Or you can add it to native Array functionalities in JavaScript if you reuse it a lot:
//ES6
Array.prototype.sameValues = Array.prototype.sameValues || function(){
this.every((v,i,a)=>v===a[0]);
}
and you can check your arrays like below:
['a', 'a', 'a', 'a'].sameValues(); // true
['a', 'a', 'b', 'a'].sameValues(); // false

You can get this one-liner to do what you want using Array.prototype.every, Object.is, and ES6 arrow functions:
const all = arr => arr.every(x => Object.is(arr[0], x));

Now you can make use of sets to do that easily.
let a= ['a', 'a', 'a', 'a']; // true
let b =['a', 'a', 'b', 'a'];// false
console.log(new Set(a).size === 1);
console.log(new Set(b).size === 1);

I think the simplest way to do this is to create a loop to compare the each value to the next. As long as there is a break in the "chain" then it would return false. If the first is equal to the second, the second equal to the third and so on, then we can conclude that all elements of the array are equal to each other.
given an array data[], then you can use:
for(x=0;x<data.length - 1;x++){
if (data[x] != data[x+1]){
isEqual = false;
}
}
alert("All elements are equal is " + isEqual);

You can convert array to a Set and check its size
In case of primitive array entries, i.e. number, string:
const isArrayWithEqualEntries = array => new Set(array).size === 1
In case of array of objects with some field to be tested for equivalence, say id:
const mapper = ({id}) => id
const isArrayWithEqualEntries = array => new Set(array.map(mapper)).size === 1

You can use this:
function same(a) {
if (!a.length) return true;
return !a.filter(function (e) {
return e !== a[0];
}).length;
}
The function first checks whether the array is empty. If it is it's values are equals..
Otherwise it filter the array and takes all elements which are different from the first one. If there are no such values => the array contains only equal elements otherwise it doesn't.

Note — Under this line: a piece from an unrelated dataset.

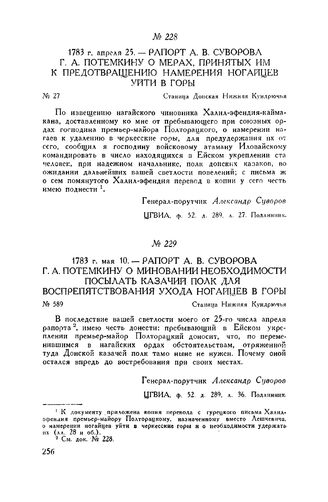 Рапорт А.В. Суворова Г.А. Потемкину о миновании необходимости посылать казачий полк для воспрепятствования ухода ногайцев в горы. Станица Нижняя Кундрючья. 1783 г. мая 10 // ЦГВИА, ф. 52. д. 289, л. 36. Подлинник.

arr.length && arr.reduce(function(a, b){return (a === b)?a:false;}) === arr[0];

Its Simple.
Create a function and pass a parameter.
In that function copy the first index into a new variable.
Then Create a for loop and loop through the array.
Inside a loop create an while loop with a condition checking whether the new created variable is equal to all the elements in the loop.
if its equal return true after the for loop completes else return false inside the while loop.
function isUniform(arra){
var k=arra[0];
for (var i = 0; i < arra.length; i++) {
while(k!==arra[i]){
return false;
}
}
return true;
}

The accepted answer worked great but I wanted to add a tiny bit. It didn't work for me to use === because I was comparing arrays of arrays of objects, however throughout my app I've been using the fast-deep-equal package which I highly recommend. With that, my code looks like this:
let areAllEqual = arrs.every((val, i, arr) => equal(val, arr[0]) );
and my data looks like this:
[
[
{
"ID": 28,
"AuthorID": 121,
"VisitTypeID": 2
},
{
"ID": 115,
"AuthorID": 121,
"VisitTypeID": 1
},
{
"ID": 121,
"AuthorID": 121,
"VisitTypeID": 1
}
],
[
{
"ID": 121,
"AuthorID": 121,
"VisitTypeID": 1
}
],
[
{
"ID": 5,
"AuthorID": 121,
"VisitTypeID": 1
},
{
"ID": 121,
"AuthorID": 121,
"VisitTypeID": 1
}
]
]

You could use a for loop:
function isEqual(arr) {
var first = arr[0];
for (let i = 1; i < arr.length; i++) {
if (first !== arr[i]) {
return false;
}
}
return true;
}

Underscore's _.isEqual(object, other) function seems to work well for arrays. The order of items in the array matter when it checks for equality. See http://underscorejs.org/#isEqual.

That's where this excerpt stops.